Exercise requirements —
Set down, word for word, every line of the material below from the one containing "Vermutliche Werkgeschichte: Modelliert" through the one containing "I designed and", but none of its pictures.

Material supplied —
▼▼▼

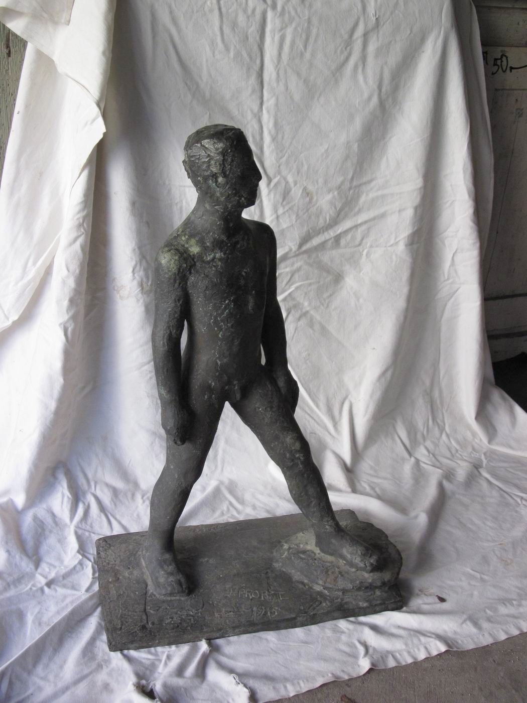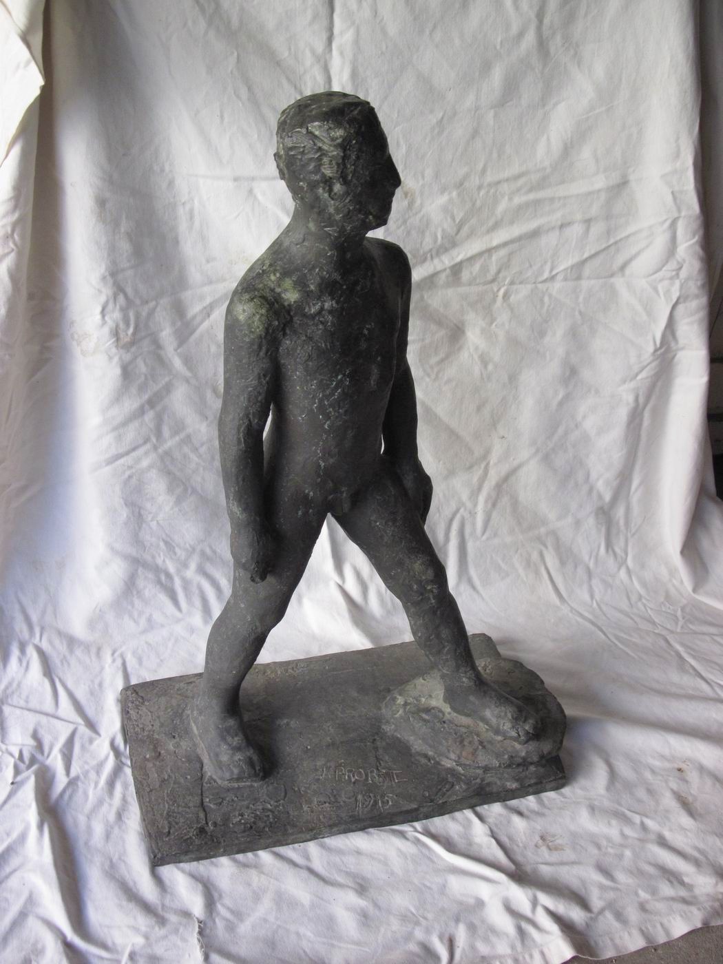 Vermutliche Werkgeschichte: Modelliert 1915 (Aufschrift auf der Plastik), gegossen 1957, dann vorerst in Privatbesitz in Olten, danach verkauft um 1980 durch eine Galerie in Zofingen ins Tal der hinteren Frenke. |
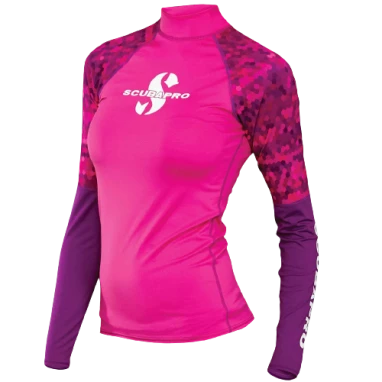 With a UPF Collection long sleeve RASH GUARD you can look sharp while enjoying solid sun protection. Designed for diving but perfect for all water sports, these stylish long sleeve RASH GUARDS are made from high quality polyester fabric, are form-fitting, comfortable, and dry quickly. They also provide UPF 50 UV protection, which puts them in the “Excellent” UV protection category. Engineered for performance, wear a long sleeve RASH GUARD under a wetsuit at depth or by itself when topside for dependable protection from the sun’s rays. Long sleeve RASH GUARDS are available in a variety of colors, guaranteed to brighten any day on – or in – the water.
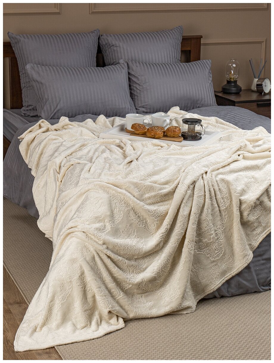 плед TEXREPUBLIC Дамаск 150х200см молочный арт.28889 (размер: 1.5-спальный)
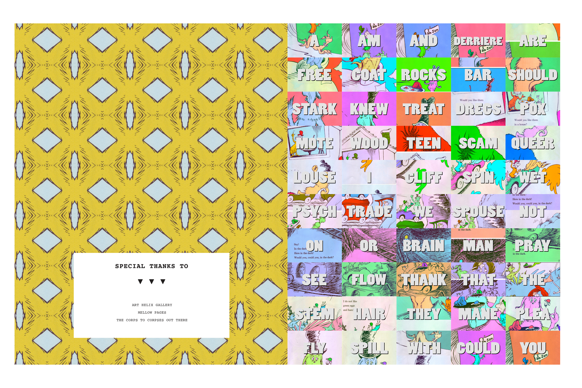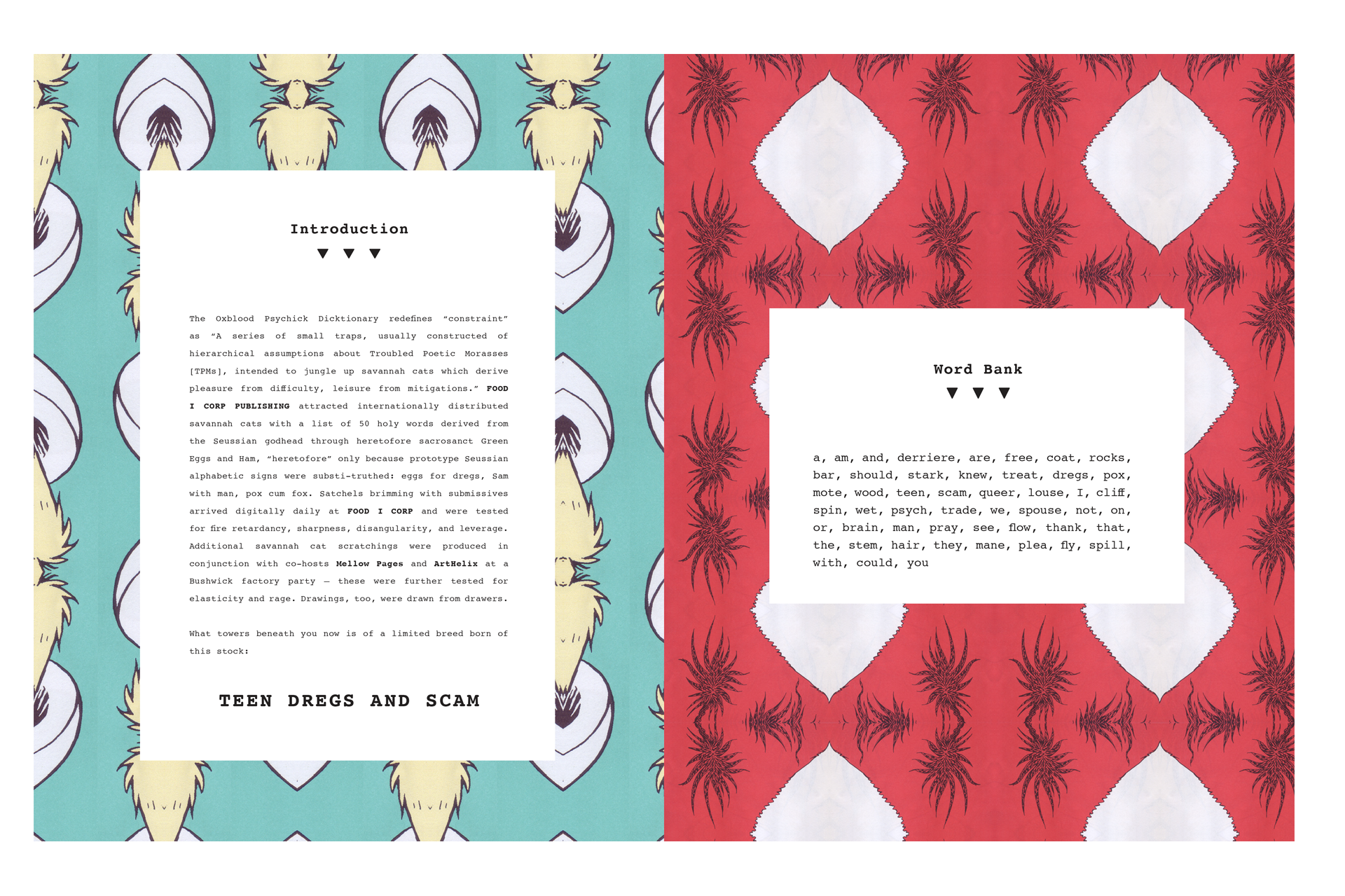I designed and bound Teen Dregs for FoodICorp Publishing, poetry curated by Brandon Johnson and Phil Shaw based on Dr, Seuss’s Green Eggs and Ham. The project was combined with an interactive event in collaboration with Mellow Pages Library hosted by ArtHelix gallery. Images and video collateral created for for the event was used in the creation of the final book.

▲▲▲
▼▼▼

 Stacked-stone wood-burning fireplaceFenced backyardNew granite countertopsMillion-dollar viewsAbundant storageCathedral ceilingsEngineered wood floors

▲▲▲

Written answer —
 Vermutliche Werkgeschichte: Modelliert 1915 (Aufschrift auf der Plastik), gegossen 1957, dann vorerst in Privatbesitz in Olten, danach verkauft um 1980 durch eine Galerie in Zofingen ins Tal der hinteren Frenke. |
 With a UPF Collection long sleeve RASH GUARD you can look sharp while enjoying solid sun protection. Designed for diving but perfect for all water sports, these stylish long sleeve RASH GUARDS are made from high quality polyester fabric, are form-fitting, comfortable, and dry quickly. They also provide UPF 50 UV protection, which puts them in the “Excellent” UV protection category. Engineered for performance, wear a long sleeve RASH GUARD under a wetsuit at depth or by itself when topside for dependable protection from the sun’s rays. Long sleeve RASH GUARDS are available in a variety of colors, guaranteed to brighten any day on – or in – the water.
 плед TEXREPUBLIC Дамаск 150х200см молочный арт.28889 (размер: 1.5-спальный)
I designed and bound Teen Dregs for FoodICorp Publishing, poetry curated by Brandon Johnson and Phil Shaw based on Dr, Seuss’s Green Eggs and Ham. The project was combined with an interactive event in collaboration with Mellow Pages Library hosted by ArtHelix gallery. Images and video collateral created for for the event was used in the creation of the final book.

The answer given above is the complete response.